While Illinois will welcome the jobs and economic activity created by the new facility, a quirk in existing sales tax law could lead to changes in the Amazon store-customer relationship. Under existing law, if a customer buys something through Amazon.com that is shipped from a warehouse located outside of Illinois, it is the responsibility of the customer to pay sales tax on the item purchased.
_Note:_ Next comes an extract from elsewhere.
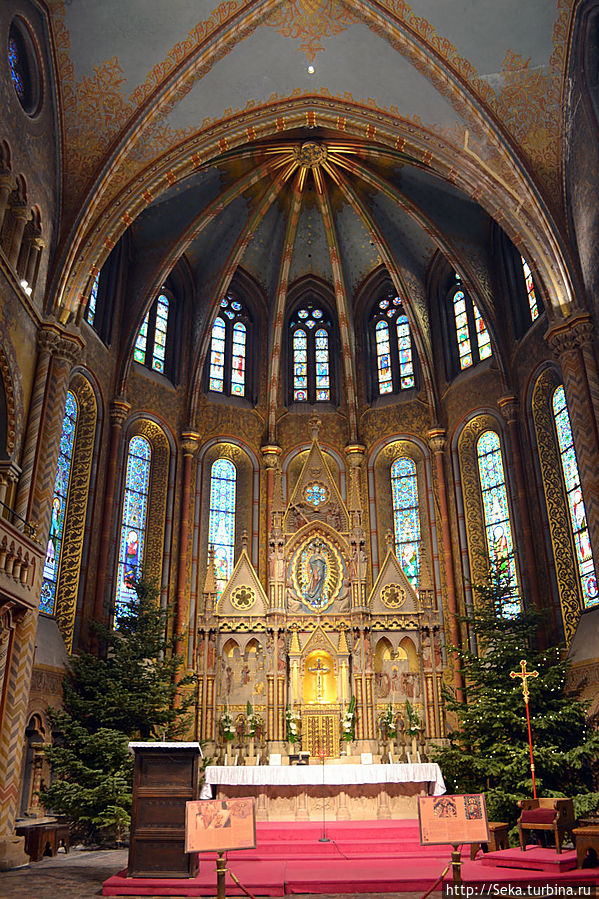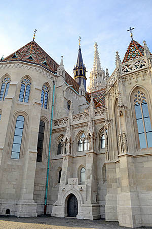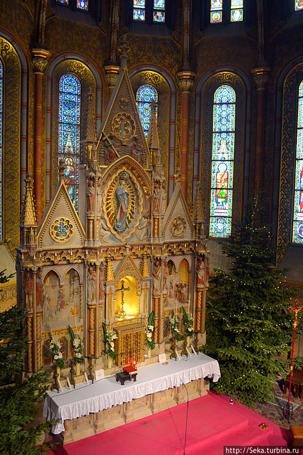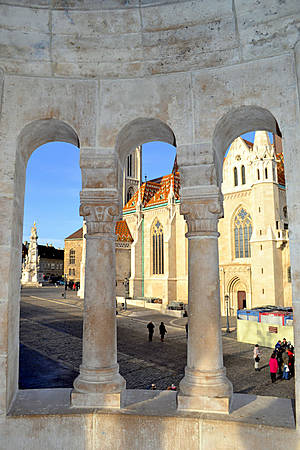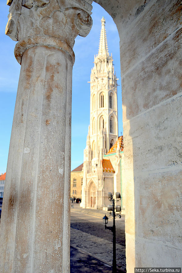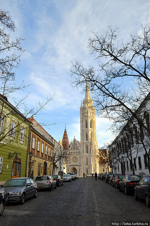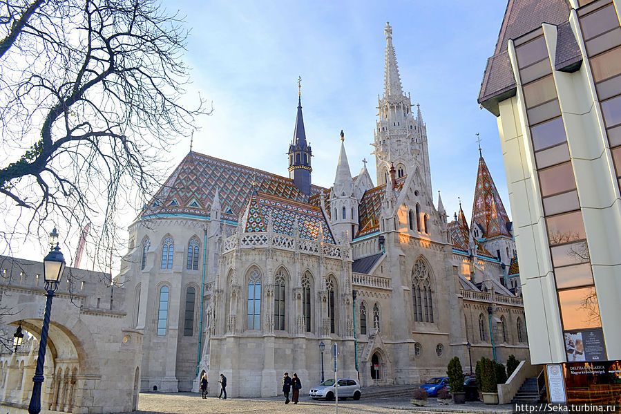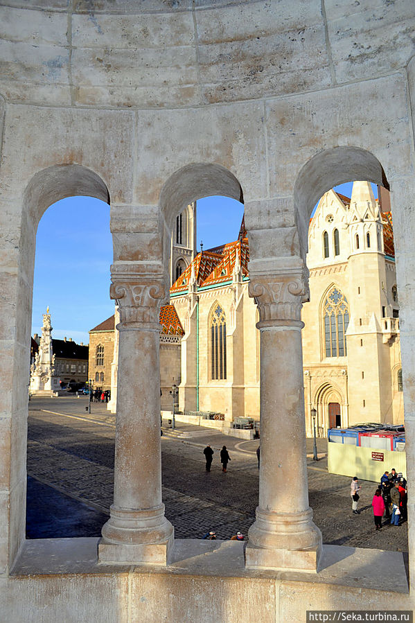 После первого посещения Будапешта в 2010 г. впечатления от Церкви Матьяша остались какими-то смазанными. То ли почти проливной дождь помешал насладиться красотой этого сооружения, то ли леса, значительно закрывавшие его фасад. Поэтому осмотр церкви как внешний так и внутренний вошел в обязательную программу по Будапешту в нынешний приезд. А когда утром 3 января стало понятно, что и погода будет просто великолепной (светило яркое солнышко), я устремилась к Рыбацкому бастиону и Церкви Матьяша.
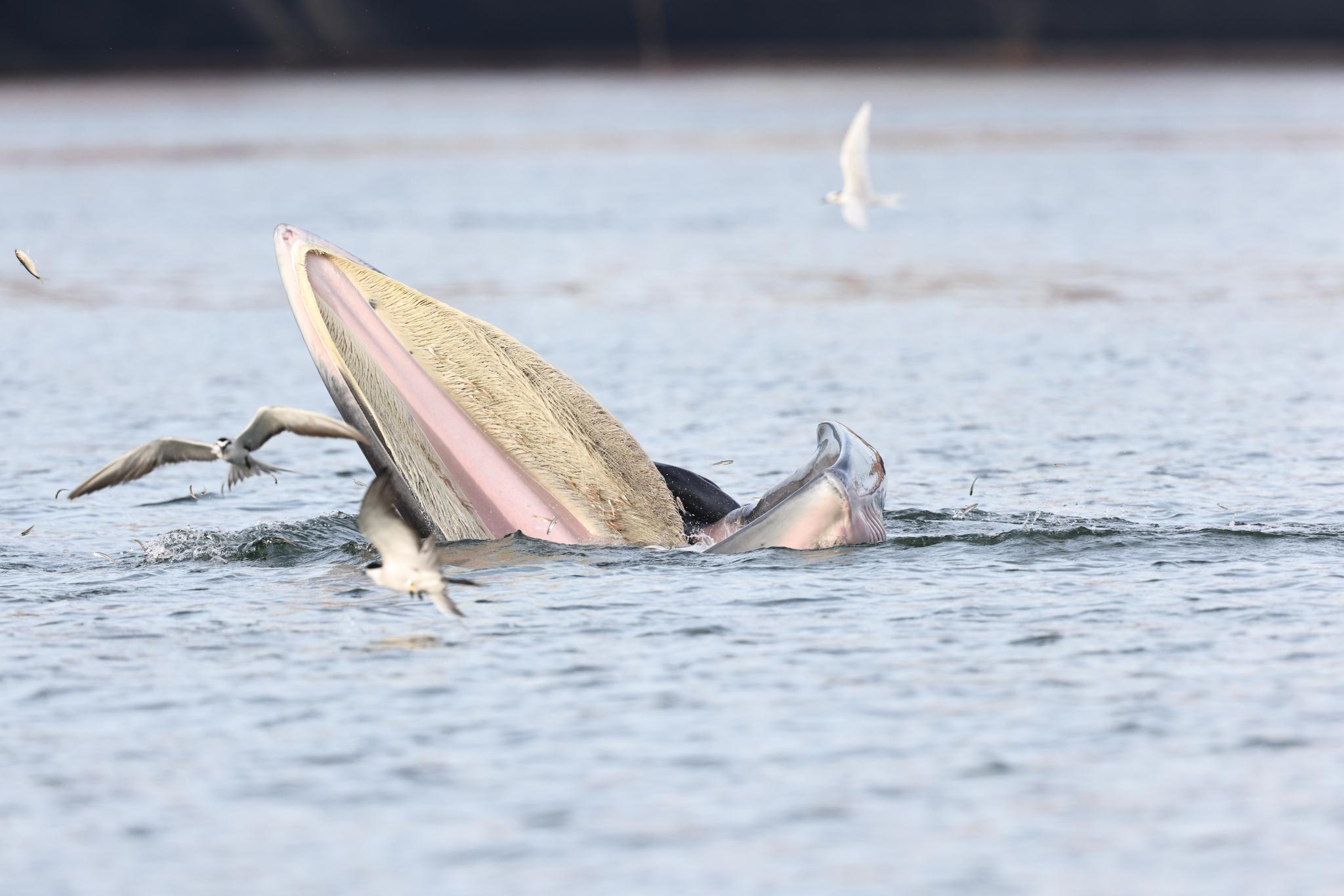 喷气、捕食、翻身、露背。黑色的巨型“马桶盖”在海面上打开,鱼群吸进去,海水吐出来,白色的燕鸥盘旋在上方,迟迟不肯飞走。

The Department of Revenue prints a line on its annual income tax forms for sales taxes due. If Amazon.com builds a warehouse that is physically located in Illinois, however, the firm will take on the responsibility of charging and collecting sales tax on items purchased for shipment to an Illinois address. The tax will be identical to that charged by physical brick-and-mortar retailers in the customer’s municipality.
Public Health – Raw Milk
Proposed rules would severely discourage transfers of raw milk within Illinois; comment period extended. The administrative rules, which are aimed at the sale of milk that has not undergone a pasteurization process to heat the milk and destroy microorganisms, are in the process of being developed by the state’s Department of Public Health. Current law bans the sale of raw milk in grocery stores and supermarkets, but contains a loophole that is believed by proponents to allow the private transfer and sale of the beverage by farmers to consumers. Some public health experts believe this loophole allows for outbreaks of food-borne illnesses. It would be closed by the proposed rule.
As part of the rules development process, state law requires the rules to be published for public comment. After more than 800 commentators expressed their views, the Department extended the comment period.
Revenues – FY15 Update
Key General Assembly commission reports mixed cash flow numbers for first four months of FY15. The State of Illinois’ fiscal year began in July 1, 2014, and will end on June 30, 2015. During the first third of this cash flow period – the months of July, August, September, and October 2014 – the Commission on Government Forecasting and Accountability reports that several major flow zones into Illinois general funds have come in with numbers that were higher or lower than had been budgeted by lawmakers for the fiscal period.
The most recent monthly revenue figure, for October 2014, showed a decline of $24 million in comparison with October 2013. This decline reflected weaker returns from federal sources. Net revenue in October 2014 from individual income taxes rose by $83 million and sales tax receipts grew by $58 million. However, federal sources for the month dropped by $93 million.
For the year to date receipts, overall base revenues declined by $398 million. Most of this decline was associated with lower transfers and federal sources. Year to date individual income taxes have performed well, increasing by $155 million (net of required transfers to the fund that covers income tax refunds). Sales tax receipts were up $154 million for the first three months of FY15. Gross corporate income taxes were down by $111 net of refunds year to date.
Federal receipts are expected to rebound when general funds spending is focused on federally matchable spending items. Revenue receipts during the first 6 months of the year will be a key to meeting FY15 revenue estimates, as income tax rates are currently set to begin a statutory phase down on January 1, 2015. The General Assembly may be required to modify its FY15 budget or tax laws in order to meet its constitutional mandate to maintain a balanced budget.